Direktur Ditreskrimsus Kombes pol Ade Kuncoro memperlihatkan barang bukti perusahaan sawit PT MM sebagai tersangka kasus perambahan kawasan Taman Nasional (TN) Tesso Nilo. (Dokumentasi/ Metro TV)
Polda Riau Tetapkan PT MM Tersangka Perambahan TN Tesso Nilo
Fitra Asrirama • 18 May 2026 21:40
Pekanbaru: Kepolisian Daerah (Polda) Riau menetapkan sebuah perusahaan perkebunan kelapa sawit, PT MM, sebagai tersangka dalam kasus perambahan kawasan Taman Nasional (TN) Tesso Nilo, Kabupaten Pelalawan. Polisi juga menemukan dugaan perusakan daerah aliran Sungai Nilo di Desa Air Hitam, Kecamatan Ukui.

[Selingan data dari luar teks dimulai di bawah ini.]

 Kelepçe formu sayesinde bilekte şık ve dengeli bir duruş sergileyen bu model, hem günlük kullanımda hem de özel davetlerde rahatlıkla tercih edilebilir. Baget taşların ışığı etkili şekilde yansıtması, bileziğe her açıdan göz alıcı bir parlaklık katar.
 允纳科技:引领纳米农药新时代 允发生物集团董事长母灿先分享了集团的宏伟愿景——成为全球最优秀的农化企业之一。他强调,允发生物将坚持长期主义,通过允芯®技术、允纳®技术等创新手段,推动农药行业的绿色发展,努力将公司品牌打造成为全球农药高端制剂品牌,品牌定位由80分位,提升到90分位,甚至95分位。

Direktorat Reserse Kriminal Khusus (Ditreskrimsus) Polda Riau Kombes Ade Kuncoro Ridwan mengungkapkan perkebunan kelapa sawit milik PT MM seluas sekitar 29 ribu hektare berada di dalam kawasan Taman Nasional Tesso Nilo. Aktivitas perusahaan tersebut diduga turut merusak lingkungan di sekitar aliran Sungai Nilo.

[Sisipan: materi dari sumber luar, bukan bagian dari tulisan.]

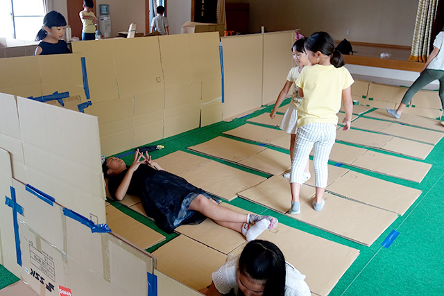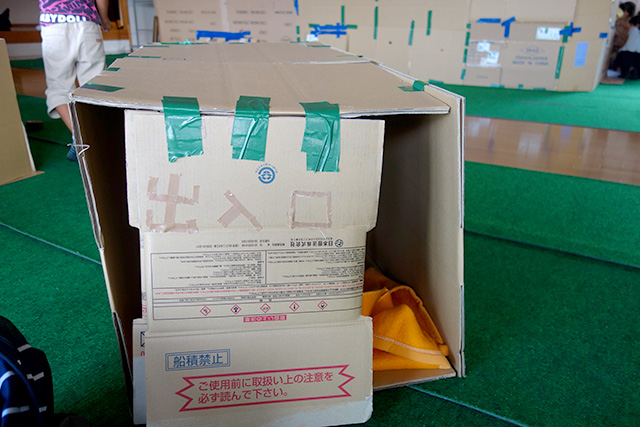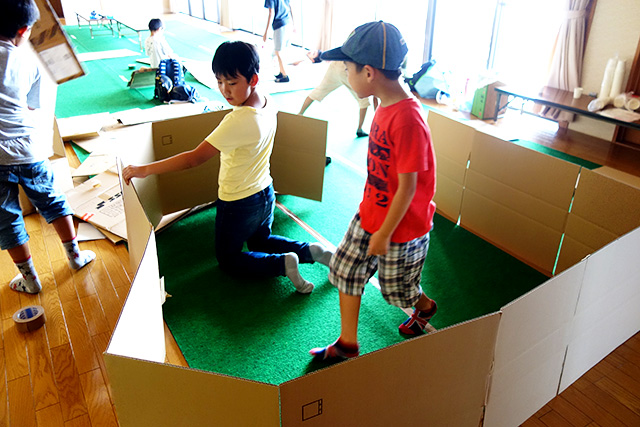 BG塾の4日目は、親元をはなれてどきどき宿泊プログラム!自分たちの寝床を、段ボールを使って子どもたちが思い思いにつくりました。女子はみんなで協力し、出入り口を作ったり、壁にイラストを描いたりしていました。それに対し、男子は自分たちの陣地を確保するところから始まり、セキュリティのカードを手作りするなど、様々な工夫が見られました。

“Perkara bermula dari laporan yang diterima penyidik pada 2 Desember 2025 dari Asosiasi Penyelamat Lingkungan dan Hutan Indonesia (APLHI) Provinsi Riau," katanya di Pekanbaru, Senin, 18 Mei 2026.

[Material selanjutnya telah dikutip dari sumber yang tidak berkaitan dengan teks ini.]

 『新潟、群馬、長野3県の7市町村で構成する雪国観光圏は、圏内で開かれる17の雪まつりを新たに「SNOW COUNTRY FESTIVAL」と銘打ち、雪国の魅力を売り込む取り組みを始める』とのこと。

Ade mengatakan pihaknya telah memeriksa 13 orang saksi terkait kasus perambahan kawasan hutan tersebut. Dari hasil pemeriksaan, penyidik menemukan adanya aktivitas perkebunan kelapa sawit di area yang berdasarkan titik koordinat berada dalam kawasan hutan dan diduga tumpang tindih dengan hak guna usaha (HGU) perusahaan.
"PT MM diduga melakukan aktivitas perkebunan kelapa sawit di lahan yang tumpang tindih dengan kawasan hutan, dengan luas HGU sekitar 29 ribu hektare," ungkap Ade.

Direktorat Reserse Kriminal Khusus (Ditreskrimsus) Polda Riau Kombes Ade Kuncoro Ridwan. (Dokumentasi/ Metro TV)
Dalam perkara ini, penyidik telah menyita sedikitnya 30 dokumen penting, di antaranya dokumen legalitas perusahaan, Analisa Dampak Lingkungan, rencana kerja tahunan, akta perusahaan, hingga 17 hasil uji laboratorium kerusakan tanah.
Atas perbuatannya, PT MM dijerat Pasal 98 ayat 1 juncto Pasal 99 ayat 1 juncto Pasal 116 Undang-Undang Nomor 32 Tahun 2009 tentang Perlindungan dan Pengelolaan Lingkungan Hidup sebagaimana diubah dalam Undang-Undang Nomor 6 Tahun 2023 tentang Cipta Kerja.
Korporasi tersebut terancam pidana penjara maksimal 10 tahun dan denda hingga Rp10 miliar.